Source records:
•••••

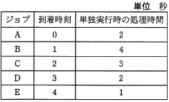 応用情報技術者 平成25年度春期午前問17 << 前の問題 | 次の問題 >>午前問17五つのジョブA〜Eに対して、ジョブの多重度が1で、処理時間順方式のスケジューリングを適用した場合、ジョブBのターンアラウンドタイムは何秒か。ここで、OSのオーバヘッドは考慮しないものとする。ア8イ9ウ10エ11『情報処理過去問.com』からiPhoneアプリがリリースされました!!正解エ<< 前の問題 | 次の問題 >>
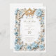Announce your special day with this luxurious wedding invitation featuring exquisite dusty blue hydrangeas and delicate white blooms intertwined with gold baroque-inspired detailing. The ornate faux embossed frame adds a touch of sophistication, while the creamy white background creates a timeless and elegant look. Perfect for weddings with a vintage, romantic, or regal theme. Please note, the gold accents and embossed effects are printed and do not include real metallic foil or raised textures.
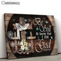 Be Still And Know That I Am God Old Cross Blue Butterfly Lily Large Canvas - Christian Wall Art - Bible Verse Canvas Art
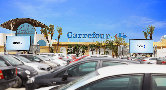 Tunisie-Tribune (parking équipé d’écrans LED) – Des écrans LED grand format de dernière génération viennent sublimer le parking du centre commercial Carrefour La Marsa, installés et exploités par la régie digitale Digit-S, leader en solutions digitales pour affichage dynamique.
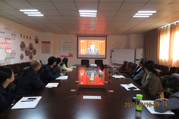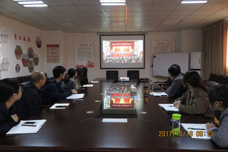 2017年10月18日上午9:00,中國共產黨第十九次全國代表大會在北京開幕。淮北市同創融資擔保集團有限公司黨支部全體黨員干部在會議室集中收看會議實況直播,認真聆聽、學習習近平總書記代表十八屆中央委員會向大會所作的報告。
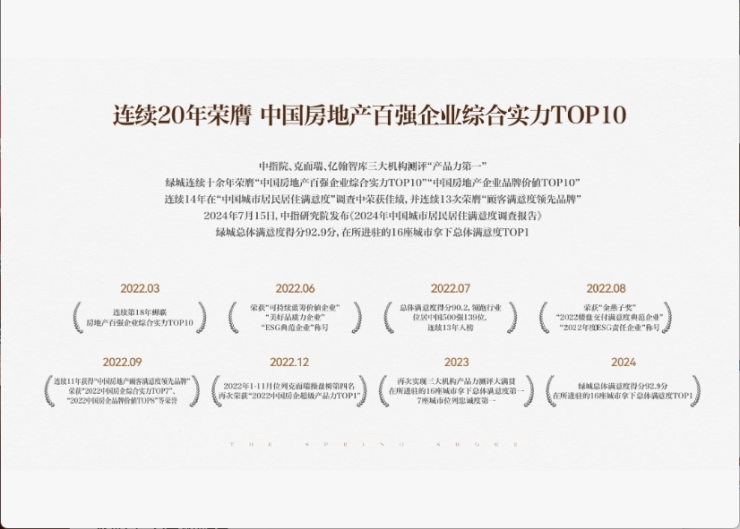 绿城历经30年的发展,绿城中国总资产规模超 5300 亿元,净资产规模超 1000 亿元,“绿城”品牌价值 1188 亿元,并连续20年荣膺“中国房地产百强企业综合实力TOP10”,绿城始终坚持对理想生活的追求,营造美丽建筑,创造美好生活。(信息来源:绿城官方,数据截至2025年1月)
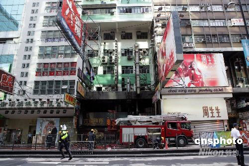 八月十日下午三時許,香港旺角嘉禾大廈的五級火警被救熄,此次大火中兩名消防員殉職,一名老婦死亡,另五十六人受傷。火警在當天九時許發生,焚燒了近六個小時。中新社發 洪少葵 攝
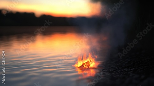 balefire, sunset, river, water, fire, flames, nature, landscape, evening, smoke, peaceful, tranquil, serenity, calm, relaxing, romantic, wilderness, adventure, travel, summer, night, dusk, dawn, light, glow, burning, ember, wood, scenic, beautiful, picturesque, background, image, photo, scene, hot, orange, dark
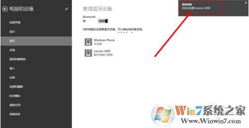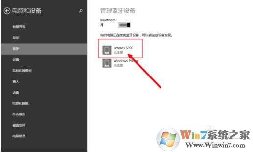 8、當(dāng)配對成功后,出現(xiàn)”已連接“,這個時(shí)候我們就可以在手機(jī)和電腦之間傳送文件了,這時(shí)也就完成了Win8系統(tǒng)藍(lán)牙開啟和連接工作。
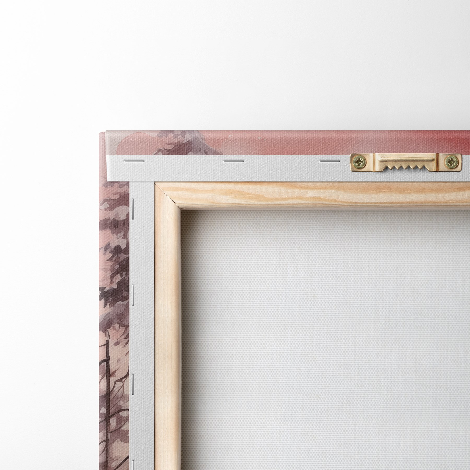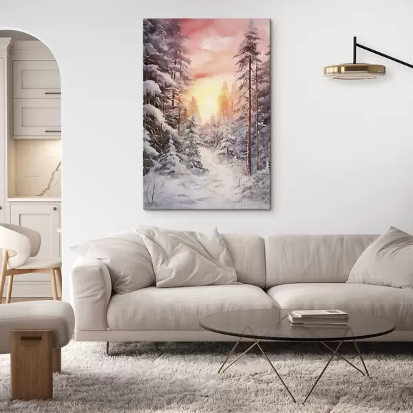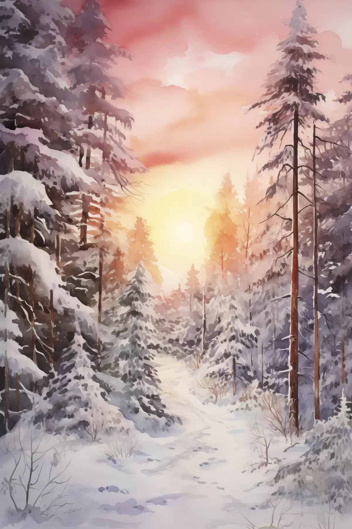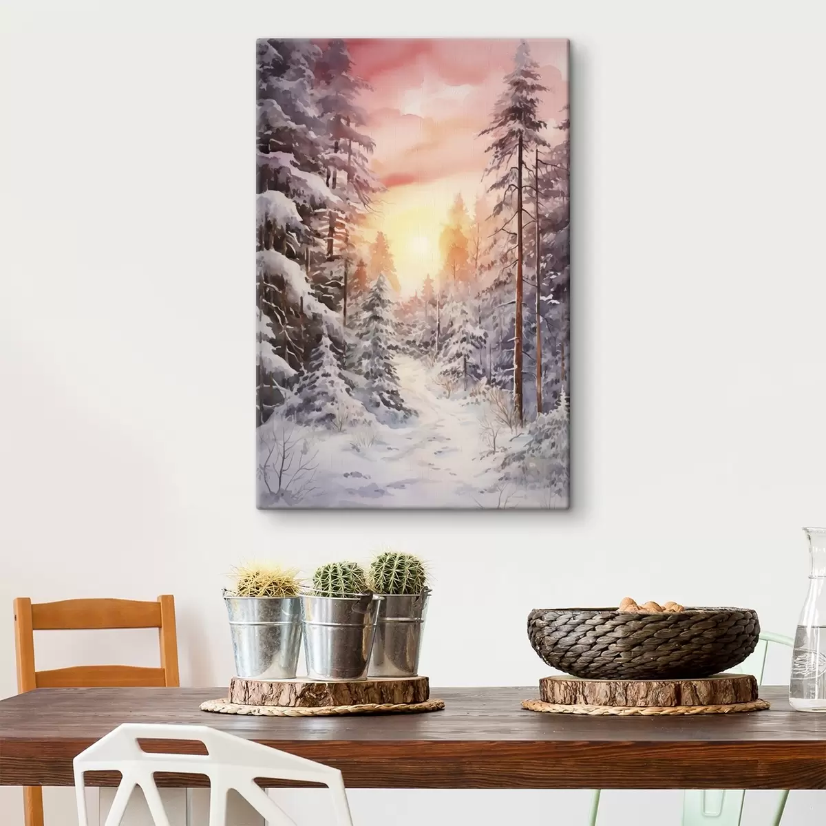 Quadri Bellissimo inverno, acquerello foresta, innevato, alberi, cielo rosa, tramonto Nr s41641

•••••

> Action item
Leaving the pictures out, set down all of the data again exactly.

> Task answer
 応用情報技術者 平成25年度春期午前問17 << 前の問題 | 次の問題 >>午前問17五つのジョブA〜Eに対して、ジョブの多重度が1で、処理時間順方式のスケジューリングを適用した場合、ジョブBのターンアラウンドタイムは何秒か。ここで、OSのオーバヘッドは考慮しないものとする。ア8イ9ウ10エ11『情報処理過去問.com』からiPhoneアプリがリリースされました!!正解エ<< 前の問題 | 次の問題 >>
Announce your special day with this luxurious wedding invitation featuring exquisite dusty blue hydrangeas and delicate white blooms intertwined with gold baroque-inspired detailing. The ornate faux embossed frame adds a touch of sophistication, while the creamy white background creates a timeless and elegant look. Perfect for weddings with a vintage, romantic, or regal theme. Please note, the gold accents and embossed effects are printed and do not include real metallic foil or raised textures.
 Be Still And Know That I Am God Old Cross Blue Butterfly Lily Large Canvas - Christian Wall Art - Bible Verse Canvas Art
 Tunisie-Tribune (parking équipé d’écrans LED) – Des écrans LED grand format de dernière génération viennent sublimer le parking du centre commercial Carrefour La Marsa, installés et exploités par la régie digitale Digit-S, leader en solutions digitales pour affichage dynamique.
 2017年10月18日上午9:00,中國共產黨第十九次全國代表大會在北京開幕。淮北市同創融資擔保集團有限公司黨支部全體黨員干部在會議室集中收看會議實況直播,認真聆聽、學習習近平總書記代表十八屆中央委員會向大會所作的報告。
 绿城历经30年的发展,绿城中国总资产规模超 5300 亿元,净资产规模超 1000 亿元,“绿城”品牌价值 1188 亿元,并连续20年荣膺“中国房地产百强企业综合实力TOP10”,绿城始终坚持对理想生活的追求,营造美丽建筑,创造美好生活。(信息来源:绿城官方,数据截至2025年1月)
 八月十日下午三時許,香港旺角嘉禾大廈的五級火警被救熄,此次大火中兩名消防員殉職,一名老婦死亡,另五十六人受傷。火警在當天九時許發生,焚燒了近六個小時。中新社發 洪少葵 攝
 balefire, sunset, river, water, fire, flames, nature, landscape, evening, smoke, peaceful, tranquil, serenity, calm, relaxing, romantic, wilderness, adventure, travel, summer, night, dusk, dawn, light, glow, burning, ember, wood, scenic, beautiful, picturesque, background, image, photo, scene, hot, orange, dark
 8、當(dāng)配對成功后,出現(xiàn)”已連接“,這個時(shí)候我們就可以在手機(jī)和電腦之間傳送文件了,這時(shí)也就完成了Win8系統(tǒng)藍(lán)牙開啟和連接工作。
 Quadri Bellissimo inverno, acquerello foresta, innevato, alberi, cielo rosa, tramonto Nr s41641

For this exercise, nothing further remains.